What is being asked:
Could you reproduce, word for word, everything below from the line containing "Fototapetes Ziedu pļava, peonijas, lavanda, tauriņi, akvareļu" down to the line containing "Four Buttons Rozana", with both of those lines included and no others?

------ Information provided

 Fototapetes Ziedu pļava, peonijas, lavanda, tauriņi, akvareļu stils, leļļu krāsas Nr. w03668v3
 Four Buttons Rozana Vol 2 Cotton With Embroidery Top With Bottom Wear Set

------------
------ Information provided

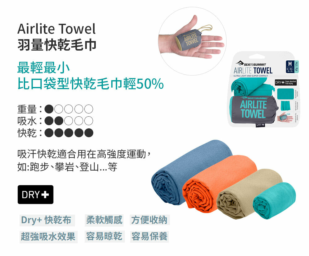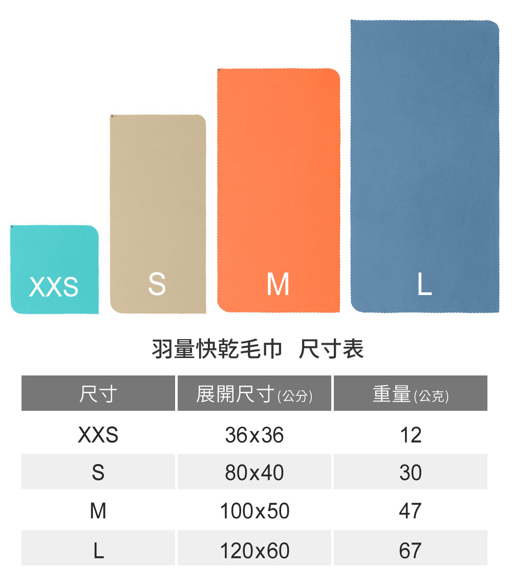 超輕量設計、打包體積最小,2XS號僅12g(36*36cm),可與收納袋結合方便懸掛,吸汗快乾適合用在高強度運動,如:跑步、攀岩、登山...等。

------------

Answer section:
 Fototapetes Ziedu pļava, peonijas, lavanda, tauriņi, akvareļu stils, leļļu krāsas Nr. w03668v3
 Four Buttons Rozana Vol 2 Cotton With Embroidery Top With Bottom Wear Set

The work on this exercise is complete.